Nos interviewés des questionnaires 1, 3 et 4, lors de notre travail de recherche en Haïti, sont presqu´unanimes à admettre l´existence dans le temps et dans l´espace de cette « armée rouge » qui, plus tard, devait abandonner l´utilisation des armes blanches au profit des armes à feu. L´armement des groupes sociaux à Cité Soleil est un processus long et très complexe qui puise d´abord son origine dans la chasse aux macoutes en 1986, dans le démantèlement des Attachés et du Fraph en 1994 après le retour d´Aritide, dans la négligeance de quelques soldats des différentes missions militaires onusiennes en Haïti de 1991 à 1996, qui n´avaient pas su bien sécuriser leurs armes auxquelles les enfants appelés improprement cocorats pouvaient avoir facilement accès.
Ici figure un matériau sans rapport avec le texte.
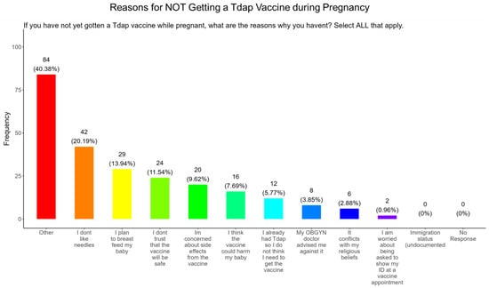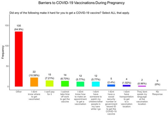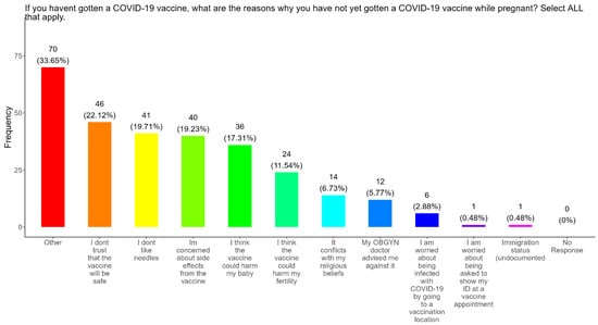 When participants were asked why they did not received the COVID-19 vaccine, the majority (22.1%) responded that they did not trust that the vaccines were safe, followed in order by needle phobias (19.7%), concerns about side effects (19.2%), concerns that the vaccine could harm their baby (17.3%), concerns that the vaccine could harm their fertility (11.5%), conflicts with religious beliefs (6.7%), received advice against it by a doctor (5.8%), concerns about being infected with COVID at a vaccination location (2.9%), concerns about showing an ID at a vaccine appointment (0.48%), and concerns about their immigration status being undocumented (0.48%) (Figure 9). The remainder of participants had other reasons for not receiving the COVID-19 vaccine (33.7%) (Figure 9).

Sur ce, le même journaliste canadien du journal Le Devoir nous reproduit un des multiples faits très fréquents à Cité Soleil:
Midi. Un long embouteillage bloque la circulation sur la route nationale numero 1, aux abords de Cité-Soleil. Brusquement, une dizaine de gamins, de huit a douze ans, fondent sur une camionnette blanche des Nations unies. En quelques secondes, ils arrachent le hayon de la camionnette. Lorsque deux soldats bangladeshis descendent de la cabine, encombrés de leurs fusils, les gamins sont déjà loin avec plusieurs caisses en guise de butin. Produits de la misère et symbole de la montée de la délinquance, ces enfants de la rue, surnommés les « cocorats », donnent la migraine aux responsables de la MINUHA. Ne sachant comment faire face aux pillages des « cocorats », ils conseillent des itinéraires détournés pour accéder au quartier général de la MINUHA (CAROIT, Op cit, p. B5).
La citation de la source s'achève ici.